[This blog post was written by Stephen C. Edgerton, who donated the collection to Private Collections, Special Collections Section, and is volunteering under the supervision of Fran Tracy-Walls, Private Manuscripts Archivist.]
In Recognition of Women’s History Month (March 2017): Focus on Researching Women in History, from the McKay, McPherson, and McNeill Private Papers (PC.2144)
Farmer’s Daughter

Ella McKay, RN, with a Confederate veteran at the Old Soldiers Home in Raleigh, North Carolina, ca. 1917. From PC.2144, State Archives of North Carolina
Ella Currie McKay was born in 1888, the daughter of a progressive, North Carolina farmer with 75 acres of sandy, arable land in Robeson County. A highly resourceful man, her father managed to send four of his nine children—two girls and two boys—to college. Three of them became medical professionals—two doctors and one registered nurse. Ella was that nurse.
At age twenty-four in 1911, Ella graduated from Philadelphus High School. At Red Springs, a mile away, she attended and graduated from Flora MacDonald College for women, and in time, Whitehead-Stokes Sanatorium Nursing School in Salisbury, North Carolina. Her professional nursing career began in May of 1917 at the Confederate Soldiers Home in Raleigh. Her many letters to her family at this time reveal thoughts about her two brothers, doctors serving in the war, and about whether she should join in the fight.
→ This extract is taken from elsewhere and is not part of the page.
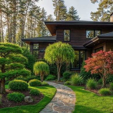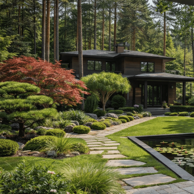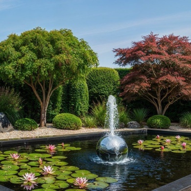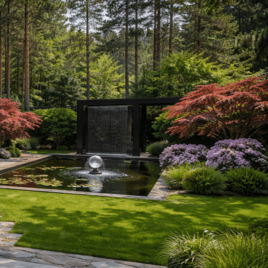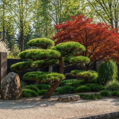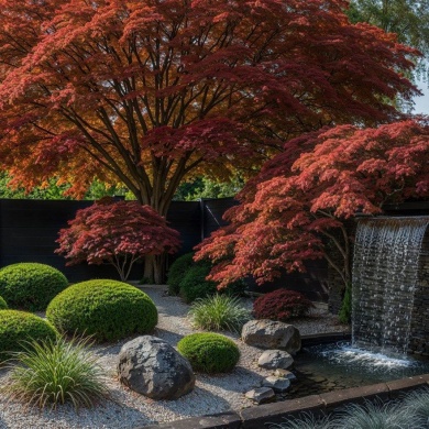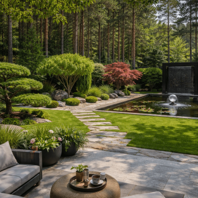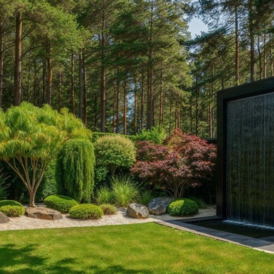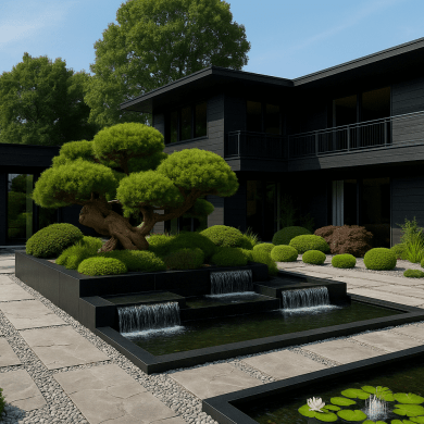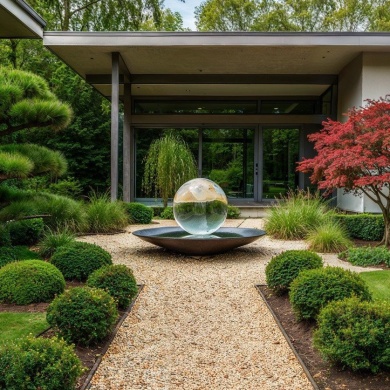 Сад камней и гравийные поверхности создают спокойный фон для озеленения. Зелёные островки с топиарными формами и декоративными кустарниками формируют чёткую структуру пространства и подчеркивают лаконичность композиции.Контраст камня, воды и зелени формирует ритм сада и создаёт атмосферу тишины и уединения.

“Oh, this is hell here now”
Just prior to the end of World War I, in September of 1918, Ella joined the U.S. Army as a Red Cross nurse. Her first posting was at the military hospital at Camp Meade, Maryland, nursing the wounded and afflicted soldiers. Within ten days she contracted Spanish Influenza. Too ill to work, she was kept isolated from her patients and others for weeks. Her eyes remained “glued shut,” she said, and her back ached as if it would break. But her symptoms were more merciful than those suffered by the soldiers she encountered once she again took up their care. She surely was now squarely on the front lines of the flu epidemic of 1918, estimated today to have killed more people worldwide in the short time it raged than all those who died in the four years of the First World War.